= Exercise details =
Only a number is expected: how many lines in these records mention the word "that"?

The data Block Start

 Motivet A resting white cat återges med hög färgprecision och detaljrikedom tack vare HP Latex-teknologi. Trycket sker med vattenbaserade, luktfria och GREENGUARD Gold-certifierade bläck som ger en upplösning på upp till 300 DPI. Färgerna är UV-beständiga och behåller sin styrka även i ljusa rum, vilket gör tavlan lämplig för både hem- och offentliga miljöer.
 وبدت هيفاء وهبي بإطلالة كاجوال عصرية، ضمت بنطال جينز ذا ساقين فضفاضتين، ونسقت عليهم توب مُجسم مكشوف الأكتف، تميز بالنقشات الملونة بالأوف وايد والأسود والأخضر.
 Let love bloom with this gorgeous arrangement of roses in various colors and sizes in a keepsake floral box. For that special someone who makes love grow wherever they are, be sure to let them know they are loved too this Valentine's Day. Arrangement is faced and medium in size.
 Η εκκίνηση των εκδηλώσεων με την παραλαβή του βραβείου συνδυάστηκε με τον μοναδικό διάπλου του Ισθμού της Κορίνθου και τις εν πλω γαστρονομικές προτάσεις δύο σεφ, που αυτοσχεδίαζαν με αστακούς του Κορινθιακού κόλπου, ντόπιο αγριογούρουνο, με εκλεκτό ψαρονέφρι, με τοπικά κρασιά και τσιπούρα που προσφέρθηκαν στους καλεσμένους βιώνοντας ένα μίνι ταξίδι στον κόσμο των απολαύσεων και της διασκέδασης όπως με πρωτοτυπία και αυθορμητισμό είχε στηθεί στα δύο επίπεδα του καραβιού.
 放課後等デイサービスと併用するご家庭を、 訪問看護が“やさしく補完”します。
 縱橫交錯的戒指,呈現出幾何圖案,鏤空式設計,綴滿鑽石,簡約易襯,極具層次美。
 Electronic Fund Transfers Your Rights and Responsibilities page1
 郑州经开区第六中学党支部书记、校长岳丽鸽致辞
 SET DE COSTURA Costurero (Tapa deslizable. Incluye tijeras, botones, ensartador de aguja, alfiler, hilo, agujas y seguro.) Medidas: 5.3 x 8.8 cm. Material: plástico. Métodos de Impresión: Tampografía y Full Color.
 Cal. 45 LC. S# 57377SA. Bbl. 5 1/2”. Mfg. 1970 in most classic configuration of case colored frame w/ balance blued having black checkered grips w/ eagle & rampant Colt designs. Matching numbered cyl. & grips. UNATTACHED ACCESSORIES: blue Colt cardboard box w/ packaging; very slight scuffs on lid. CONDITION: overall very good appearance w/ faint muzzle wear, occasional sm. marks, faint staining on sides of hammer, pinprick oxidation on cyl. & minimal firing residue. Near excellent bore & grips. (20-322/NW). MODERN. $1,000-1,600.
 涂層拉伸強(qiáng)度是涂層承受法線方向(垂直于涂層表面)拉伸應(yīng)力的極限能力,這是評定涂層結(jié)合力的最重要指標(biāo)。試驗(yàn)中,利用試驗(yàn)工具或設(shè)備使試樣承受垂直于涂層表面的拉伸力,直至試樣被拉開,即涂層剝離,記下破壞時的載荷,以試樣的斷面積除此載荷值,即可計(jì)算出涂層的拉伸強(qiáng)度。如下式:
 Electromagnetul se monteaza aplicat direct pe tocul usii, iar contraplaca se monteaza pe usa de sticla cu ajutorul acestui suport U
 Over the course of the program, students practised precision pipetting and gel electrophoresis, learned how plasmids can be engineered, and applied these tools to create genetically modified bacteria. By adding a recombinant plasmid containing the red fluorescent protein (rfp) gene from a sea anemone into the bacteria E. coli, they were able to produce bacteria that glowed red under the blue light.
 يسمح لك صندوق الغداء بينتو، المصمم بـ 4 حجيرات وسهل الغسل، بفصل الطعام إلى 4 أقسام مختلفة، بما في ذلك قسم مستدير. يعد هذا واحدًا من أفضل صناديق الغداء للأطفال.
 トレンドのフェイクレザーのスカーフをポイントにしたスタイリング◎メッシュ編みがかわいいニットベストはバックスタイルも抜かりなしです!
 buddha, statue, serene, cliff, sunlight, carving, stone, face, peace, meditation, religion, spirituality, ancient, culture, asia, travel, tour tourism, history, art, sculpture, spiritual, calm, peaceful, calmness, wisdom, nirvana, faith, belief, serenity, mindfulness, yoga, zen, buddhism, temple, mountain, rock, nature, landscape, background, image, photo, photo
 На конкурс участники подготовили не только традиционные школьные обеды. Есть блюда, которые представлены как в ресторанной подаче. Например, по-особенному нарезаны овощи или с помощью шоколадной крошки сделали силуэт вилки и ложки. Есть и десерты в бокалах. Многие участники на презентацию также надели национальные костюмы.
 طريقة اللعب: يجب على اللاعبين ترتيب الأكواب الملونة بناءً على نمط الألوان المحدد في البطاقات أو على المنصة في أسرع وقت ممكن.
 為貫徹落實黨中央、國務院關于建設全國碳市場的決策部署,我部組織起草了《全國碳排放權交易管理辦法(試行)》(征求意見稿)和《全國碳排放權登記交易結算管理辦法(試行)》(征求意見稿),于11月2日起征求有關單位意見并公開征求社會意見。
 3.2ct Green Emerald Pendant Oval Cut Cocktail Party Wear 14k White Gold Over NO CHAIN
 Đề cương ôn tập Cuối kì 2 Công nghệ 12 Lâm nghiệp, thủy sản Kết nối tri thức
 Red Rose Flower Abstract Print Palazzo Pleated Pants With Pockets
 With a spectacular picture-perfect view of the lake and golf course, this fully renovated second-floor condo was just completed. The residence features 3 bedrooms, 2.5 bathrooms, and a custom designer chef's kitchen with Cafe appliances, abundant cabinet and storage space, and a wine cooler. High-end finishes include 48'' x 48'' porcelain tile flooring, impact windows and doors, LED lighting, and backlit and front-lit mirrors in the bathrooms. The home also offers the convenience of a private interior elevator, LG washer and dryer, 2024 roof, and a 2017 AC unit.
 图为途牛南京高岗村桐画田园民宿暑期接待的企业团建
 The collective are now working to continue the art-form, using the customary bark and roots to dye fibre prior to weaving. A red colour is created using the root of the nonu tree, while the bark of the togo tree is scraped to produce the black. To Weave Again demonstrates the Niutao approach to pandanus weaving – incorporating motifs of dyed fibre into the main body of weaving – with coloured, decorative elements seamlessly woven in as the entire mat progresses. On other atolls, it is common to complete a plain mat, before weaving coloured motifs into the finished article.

The data Block End

= Answer for this exercise =
2